ClinicOps Copilot is a working multi-agent system for clinic operations. It operates over a synthetic FHIR R4 patient database and handles real edge cases — new-patient intake, booking conflicts, expired coverage, code-switched Spanish intents. Every tool call is traced to a Streamlit observability dashboard.
The patient always talks to a single ClinicOps Assistant. Behind the scenes, the assistant delegates specialized work to sub-agents (Onboarding, Scheduler, Eligibility) via delegate_to_<name> tool calls — an agents-as-tools architecture where sub-agents are invoked as stateless subroutines and the handoff is invisible to the user.
Sub-agents live in an agent registry.
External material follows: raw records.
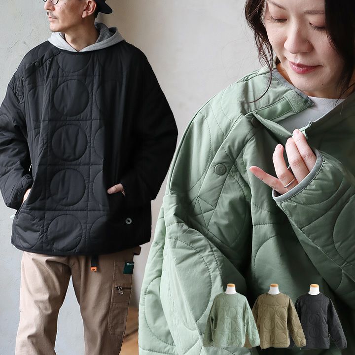 「キルト」暖かくて、持ち運びも出来る!? GRN ジーアルエヌ プルオーバー ライトアウター 長袖 メンズ レディース 重ね着 ポケッタブルコンパクト 持ち運べる 撥水 しっかり生地 タフ 薄手 中綿 キルト 暖かい 軽い ゆったり 大きいサイズ カジュアル アウトドア 秋 冬 パティ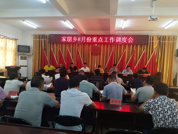 8月23日上午,家朋乡召开8月份重点工作调度会,各村党(总)支部书记、村委会主任、各联村领导和联村组长参加,乡党委书记戴晓静主持会议。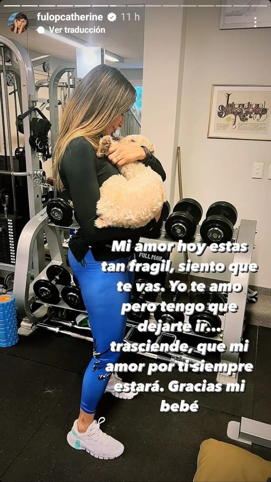 En una de las fotos, Catherine Fulop tiene en brazos al perro en el gimnasio de la casa y escribió: “Mi amor hoy estás tan frágil, siento que te vas. Yo te amo, pero tengo que dejarte ir... Trasciende que mi amor por ti siempre estará. Gracias mi bebé”.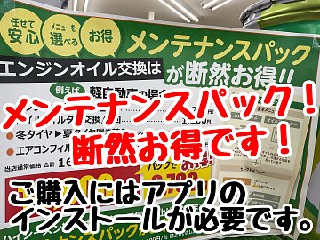 オイル交換はお済みですか? オイル交換と一緒にその他のメンテナンスもお考えであれば 『 メンテナンスパックがおすすめです! 』 オイル交換2回+エレメント1個 選べるメニューで エアコンフィルターやヘッドライトコーティングなどが選べます! ご利用にはアプリのご登録が必要です。 詳しくは...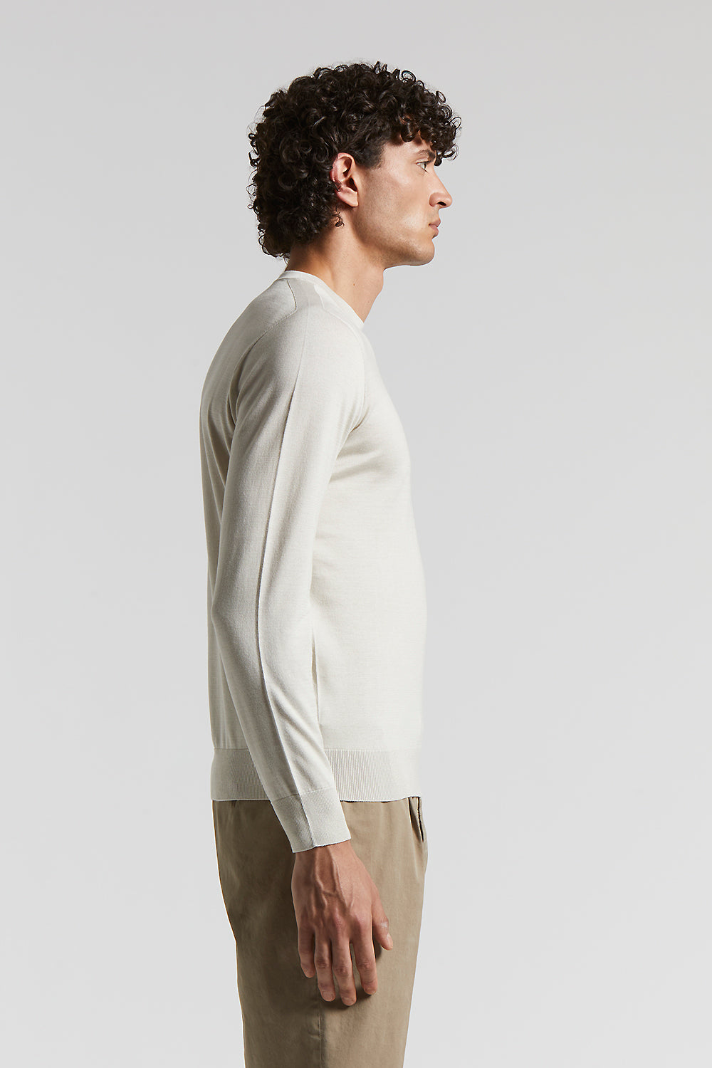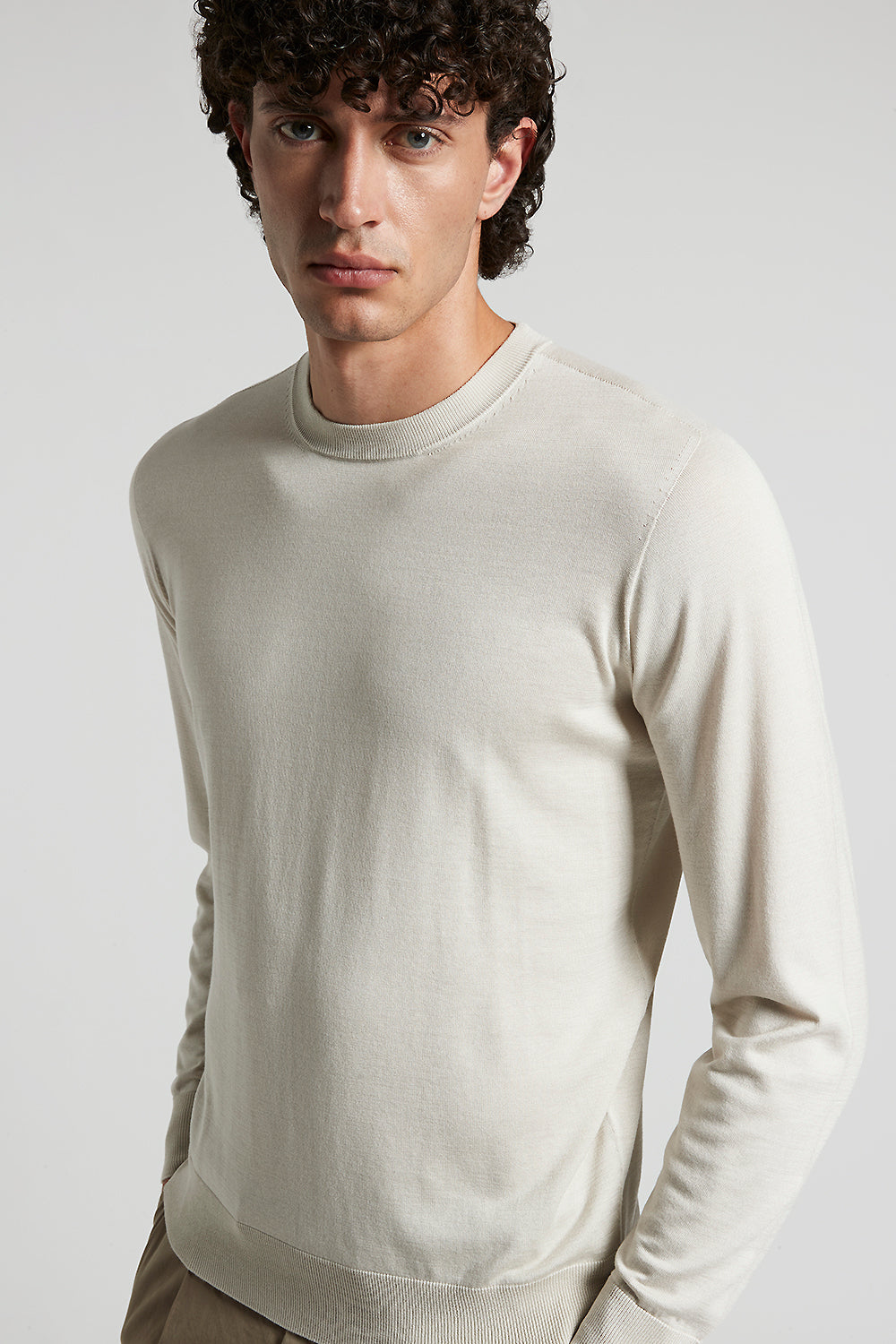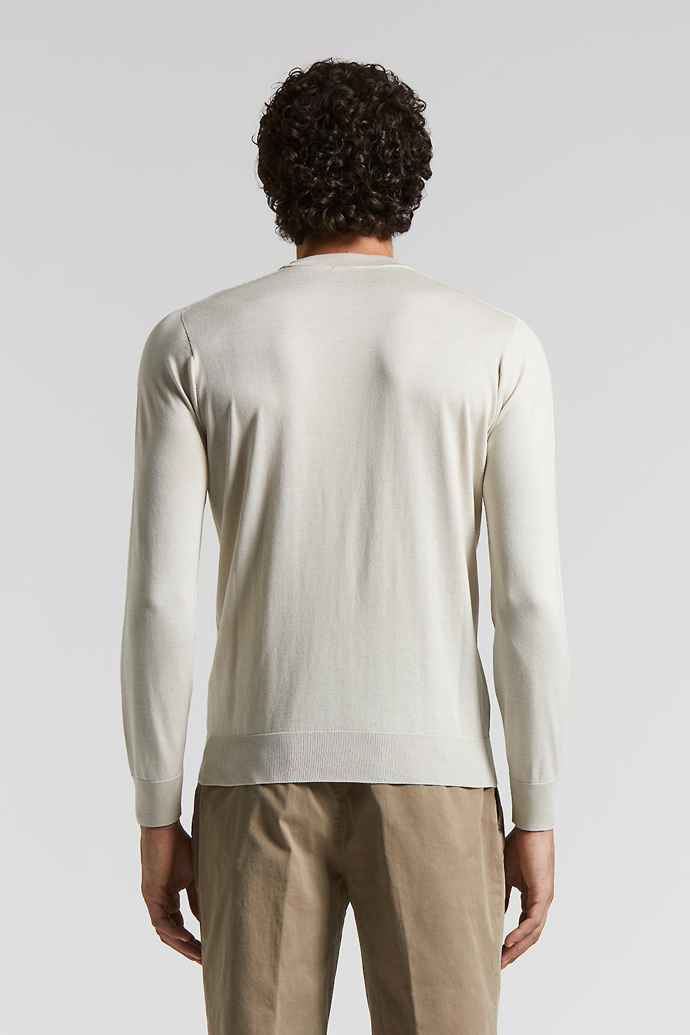 Seamless sweater in silk-cotton yarn knitted in stocking stitch, which gives a soft, refined look. The crewneck and long, set-in sleeves create an elegant, simple silhouette.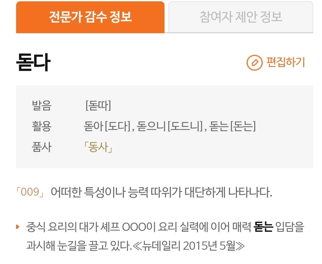 우려가 현실이 됐다. <우리말샘>에 '돋다009'가 다음과 같이 올라 있다.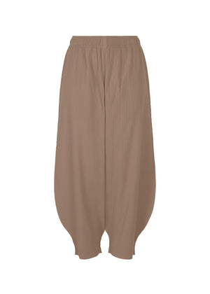 ストレッチ性のある細くやわらかな糸で編んだニットにプリーツ加工を施した、軽量でソフトな肌触りが特徴的なファインニットプリーツのパンツ。両脇にポケットがあります。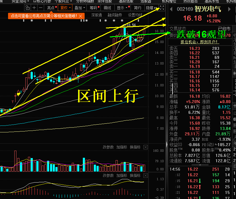 操作规划:明显的上涨趋势下,更需要量能配合推动上涨,如果电力力度还在,考虑一成仓参与,如果跌破16块钱选择观望。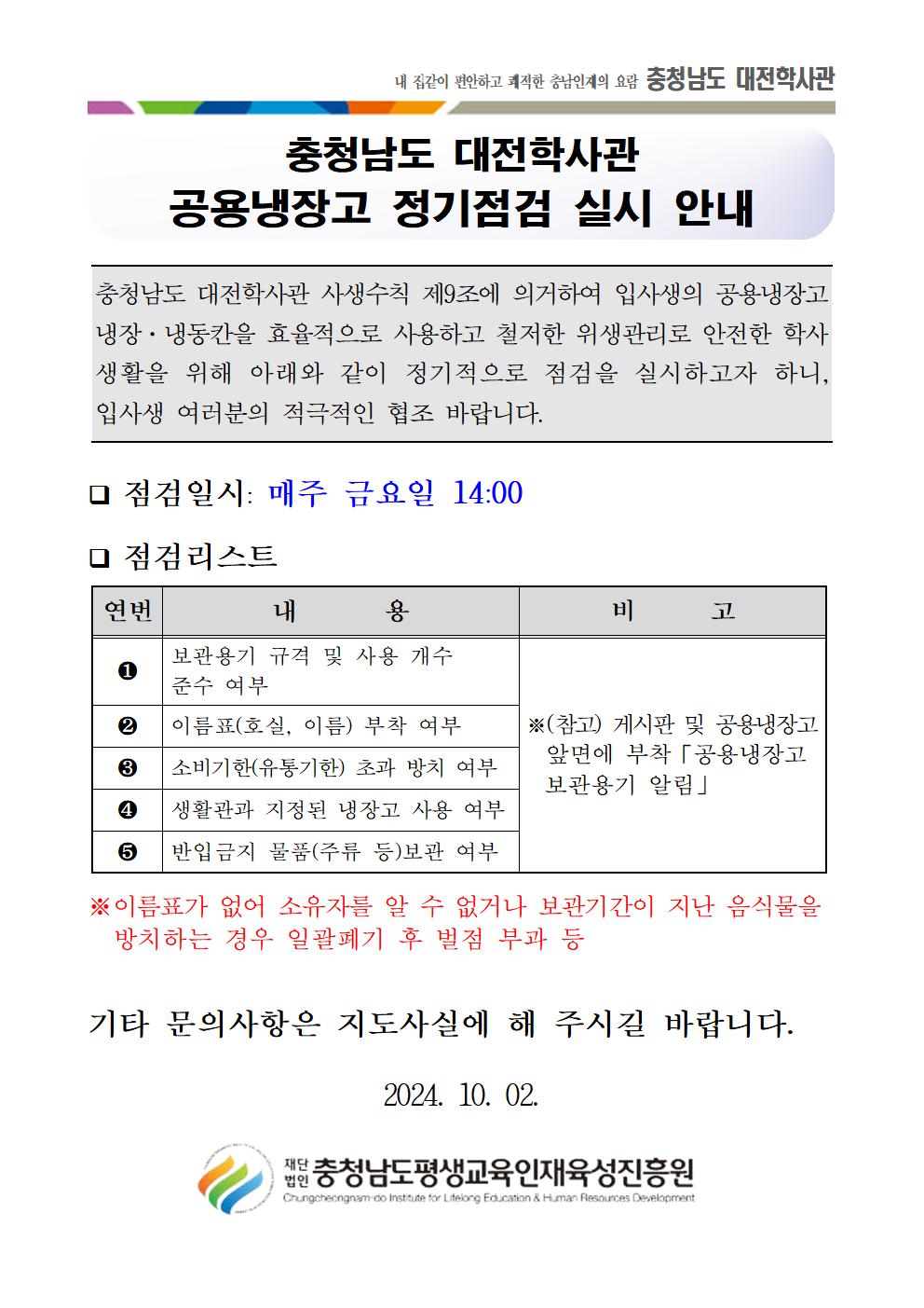 충청남도 대전학사관 공용냉장고 정기점검 실시 안내001.jpg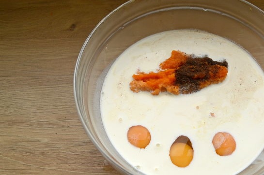 В тыквенное пюре выложите 3 яйца и оставшийся белок, сахар (можете добавить больше, если вам кажется, что его недостаточно), кленовый сироп, сливки, пряности и соль.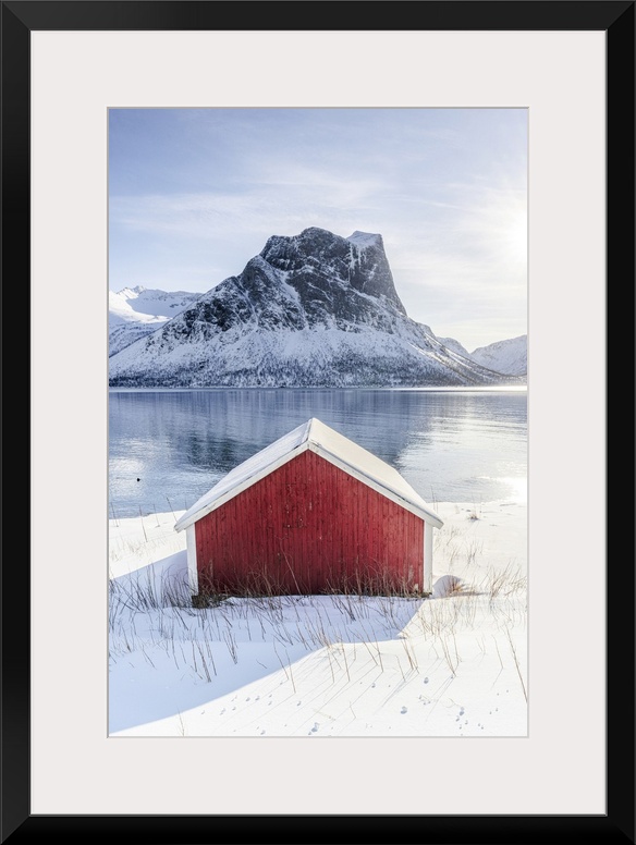 <p>Snowy rorbu overlooking the frozen sea, Bergsfjorden, Senja, Troms county, Norway</p>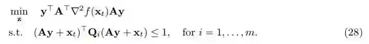 任意满足▽ f(x_t)=0 的向量 z 可以被写作 z=Ay,其中 y=(u-x_t)∈R^(d-1)。因此,(26)中的优化问题可以被写作如下形式:

Built-ins register at startup, and new workflows are added by dropping a single .py file into plugins/ — the assistant automatically picks it up as another delegate tool. A single CLI (clinicops) handles seeding, interactive chat, dashboard, and evals.
# Clone
git clone https://github.com/deepmind11/clinic-ops-copilot.git
cd clinic-ops-copilot
# Install
uv sync --all-extras
# Configure — copy the example and fill in your API key
cp .env.example .env
# Edit .env and set LLM_API_KEY (see .env.example for provider options)
# Start Postgres + load synthetic data
docker compose up -d
uv run clinicops seed --patients 1000
# Start an interactive session
uv run clinicops
# Open the observability dashboard
uv run clinicops dashboard
# Run the eval harness
uv run clinicops evalSee docs/QUICKSTART.md for the full walkthrough.
+-------------------------------------+
| CLI (clinicops) | REPL, seed, eval, dashboard, logs
| streaming output · prompt history |
+------------------+------------------+
|
v
+-------------------------------------+
| ClinicOps Assistant | single user-facing agent
| (master / triage) | owns conversation state
+------------------+------------------+
| delegate_to_<name>(request) (internal tool calls)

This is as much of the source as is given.